As Submissões Ao Emmy (Pushing Daisies)
Pushing Daisies é a maior surpresa entre as séries dessa temporada. Não apenas por causa de sua inteligência em relação ao seu humor ou por causa da história super original, mas por causa de seu visual inovador e instigante – aproximando-se muito do conhecido estilo de Tim Burton. Afetada pela greve dos roteiristas, a primeira temporada de Pushing Daisies (que aqui no Brasil irá receber o subtítulo de “Um Toque de Vida”) teve somente nove episódios; contudo, isso não impediu que a série chamasse a atenção do público, que teve uma recepção muito boa. De certa forma, Pushing tinha vários fatores que não favoriam seu sucesso – não temos mentes conhecidas envolvidas no projeto e a história é original até demais para os padrões inventivos atuais. Aconteceu justamente o contrário, o seriado foi um grande sucesso e já é nome certo em pelo menos algumas categorias da próxima premiação do Emmy, cujos indicados serão revelados no próximo dia 17.

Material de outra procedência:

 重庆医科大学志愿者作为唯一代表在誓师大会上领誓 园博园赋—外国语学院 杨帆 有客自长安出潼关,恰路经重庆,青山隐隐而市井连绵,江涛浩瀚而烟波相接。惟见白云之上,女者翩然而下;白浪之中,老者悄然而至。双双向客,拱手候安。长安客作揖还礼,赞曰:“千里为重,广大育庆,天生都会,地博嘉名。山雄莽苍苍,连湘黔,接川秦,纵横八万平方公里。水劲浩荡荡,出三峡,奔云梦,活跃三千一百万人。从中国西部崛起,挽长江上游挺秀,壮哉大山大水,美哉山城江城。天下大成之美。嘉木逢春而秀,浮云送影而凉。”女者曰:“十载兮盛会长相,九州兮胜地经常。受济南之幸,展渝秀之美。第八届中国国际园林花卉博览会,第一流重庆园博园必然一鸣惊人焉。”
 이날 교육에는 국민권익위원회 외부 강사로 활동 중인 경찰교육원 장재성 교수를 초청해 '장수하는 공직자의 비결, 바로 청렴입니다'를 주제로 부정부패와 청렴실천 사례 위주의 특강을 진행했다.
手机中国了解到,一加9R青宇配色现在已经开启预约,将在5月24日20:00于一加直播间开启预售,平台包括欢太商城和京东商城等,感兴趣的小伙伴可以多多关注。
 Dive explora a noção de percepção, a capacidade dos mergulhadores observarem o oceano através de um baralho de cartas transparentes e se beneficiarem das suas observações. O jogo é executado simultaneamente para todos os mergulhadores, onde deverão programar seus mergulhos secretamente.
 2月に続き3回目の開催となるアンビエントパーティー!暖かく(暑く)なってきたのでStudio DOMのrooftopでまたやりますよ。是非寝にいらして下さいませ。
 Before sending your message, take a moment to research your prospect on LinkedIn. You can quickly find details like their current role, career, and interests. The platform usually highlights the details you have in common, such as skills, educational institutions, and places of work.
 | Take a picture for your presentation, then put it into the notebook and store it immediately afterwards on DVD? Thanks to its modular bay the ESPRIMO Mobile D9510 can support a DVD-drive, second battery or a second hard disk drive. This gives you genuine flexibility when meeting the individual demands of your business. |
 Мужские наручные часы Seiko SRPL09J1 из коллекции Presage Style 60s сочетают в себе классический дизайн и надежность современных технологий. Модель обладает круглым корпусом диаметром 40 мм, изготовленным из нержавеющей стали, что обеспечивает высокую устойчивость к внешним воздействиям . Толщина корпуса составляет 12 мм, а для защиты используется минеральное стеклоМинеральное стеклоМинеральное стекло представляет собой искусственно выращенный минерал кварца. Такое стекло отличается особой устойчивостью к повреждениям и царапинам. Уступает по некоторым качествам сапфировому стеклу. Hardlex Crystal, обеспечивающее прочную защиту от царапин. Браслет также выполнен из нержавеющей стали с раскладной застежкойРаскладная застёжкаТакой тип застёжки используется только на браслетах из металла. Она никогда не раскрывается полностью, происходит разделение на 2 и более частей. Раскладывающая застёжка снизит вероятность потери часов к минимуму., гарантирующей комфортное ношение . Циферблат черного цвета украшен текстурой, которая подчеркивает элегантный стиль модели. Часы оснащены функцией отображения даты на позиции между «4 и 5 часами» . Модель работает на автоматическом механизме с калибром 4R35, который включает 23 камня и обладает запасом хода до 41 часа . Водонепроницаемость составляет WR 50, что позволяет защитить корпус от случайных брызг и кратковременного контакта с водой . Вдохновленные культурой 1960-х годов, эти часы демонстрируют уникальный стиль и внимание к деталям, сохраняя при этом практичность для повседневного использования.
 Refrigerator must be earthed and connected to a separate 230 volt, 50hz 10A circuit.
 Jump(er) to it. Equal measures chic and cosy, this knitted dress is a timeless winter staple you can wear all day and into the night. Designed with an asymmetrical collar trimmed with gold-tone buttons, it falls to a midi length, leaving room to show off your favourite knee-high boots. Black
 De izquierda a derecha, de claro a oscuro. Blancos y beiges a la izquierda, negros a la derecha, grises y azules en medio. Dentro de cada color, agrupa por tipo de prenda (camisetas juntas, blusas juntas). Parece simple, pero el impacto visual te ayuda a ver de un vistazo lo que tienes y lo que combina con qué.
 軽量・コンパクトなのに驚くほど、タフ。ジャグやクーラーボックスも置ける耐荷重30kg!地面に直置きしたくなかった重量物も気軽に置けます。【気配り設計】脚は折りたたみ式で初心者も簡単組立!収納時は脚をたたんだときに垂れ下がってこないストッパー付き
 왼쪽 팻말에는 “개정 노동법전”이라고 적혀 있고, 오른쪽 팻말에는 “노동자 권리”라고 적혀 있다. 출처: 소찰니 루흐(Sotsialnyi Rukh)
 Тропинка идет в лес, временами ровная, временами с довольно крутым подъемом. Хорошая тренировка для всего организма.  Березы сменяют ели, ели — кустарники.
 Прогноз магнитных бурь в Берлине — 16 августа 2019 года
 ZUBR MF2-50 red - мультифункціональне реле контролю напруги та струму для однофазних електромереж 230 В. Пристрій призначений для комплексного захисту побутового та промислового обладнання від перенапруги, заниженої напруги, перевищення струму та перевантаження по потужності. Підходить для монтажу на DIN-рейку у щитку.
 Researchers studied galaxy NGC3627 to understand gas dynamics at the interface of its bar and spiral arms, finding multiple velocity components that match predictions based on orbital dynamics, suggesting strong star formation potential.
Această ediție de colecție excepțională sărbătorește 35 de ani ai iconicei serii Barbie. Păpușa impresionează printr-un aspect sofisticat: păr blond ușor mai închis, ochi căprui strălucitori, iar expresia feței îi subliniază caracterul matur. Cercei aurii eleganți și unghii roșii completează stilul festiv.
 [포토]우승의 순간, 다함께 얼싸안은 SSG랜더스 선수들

Infelizmente chego a conclusão que Pushing Daisies vai ter que se contentar apenas com algumas indicações. Recentemente se soube que a série foi finalista em duas categorias – atriz em série cômica e atriz coadjuvante em série cômica. Provavelmente Anna Friel e Kristin Chenoweth vão receber as indicações em suas respectivas categorias, mas ambas com chances quase nulas de ganhar. Já uma indicação para o seriado na categoria principal e sequer na categoria de melhor ator em seriado cômico já é algo bem incerto. A série não anda sendo muito cotada nem comentada para a festa, mas quem sabe não teremos uma surpresa? Pushing Daisies é merecedora de maior destaque, pois não é qualquer dia que enxergamos uma série cômica tão hipnotizante como essa. De qualquer forma, mesmo que não faça sucesso nas premiações, o público se encarregará de que ela seja para sempre lembrada. Os produtores da série resolveram investir mais no episódio piloto, Pie-Lette, o que certamente é uma ótima jogada, visto que é um dos melhores episódios do seriado.
COMEDY SERIES
Pushing Daisies – “Pie-Lette“
COMEDY LEAD ACTOR
Lee Pace – “Pie-Lette“
COMEDY LEAD ACTREES
Anna Friel – “Bitter Sweets“
COMEDY SUPPORTING ACTOR
Chi McBride – “Bitches“
COMEDY SUPPORTING ACTREES
Kristin Chenoweth – “Girth”
Ellen Greene – “Smell Of Success”
Swoosie Kurtz – “Smell Of Success”
COMEDY GUEST ACTOR
Brad Grunberg – “The Fun In Funeral”
Paul Reubens – “Smell Of Success”
Christopher Sieber – “Smell Of Success”
COMEDY DIRECTING
Barry Sonnenfeld – “Pie-Lette“
COMEDY WRITING
Bryan Fuller – “Pie-Lette“
As Submissões Ao Emmy (Damages)
É inegável, Damages é a série queridinha do momento. Mesmo que a fama do seriado gire praticamente toda em torno do marcante desempenho da Glenn Close como a poderosa e implacável Patty Hewes, a história foi começando a atingir um público mais amplo até se tornar uma das principais concorrentes a categoria principal do Emmy desse ano. Inclusive, arrisco a dizer que seja a que tenha mais chances de vencer. Também não é pra menos, Damages consegue ser o melhor drama jurídico já criado na televisão – unindo inteligente condução, excelentes desempenhos e um roteiro interessante. Confesso que apesar de eu ter muito respeito por esse trabalho, especialmente por ser muito bem construído, até agora não cheguei a ser cativado (visto que recém estou no episódio número quatro). Então, minhas visões e comentários sobre o seriado são bem limitados e expressam apenas o que Damages me transmitiu no pouco que assisti até o momento. Sem dúvida é uma série merecedora de seu sucesso, por mais que seu público seja limitado aos que apreciam uma trama complexa e cheia de detalhes.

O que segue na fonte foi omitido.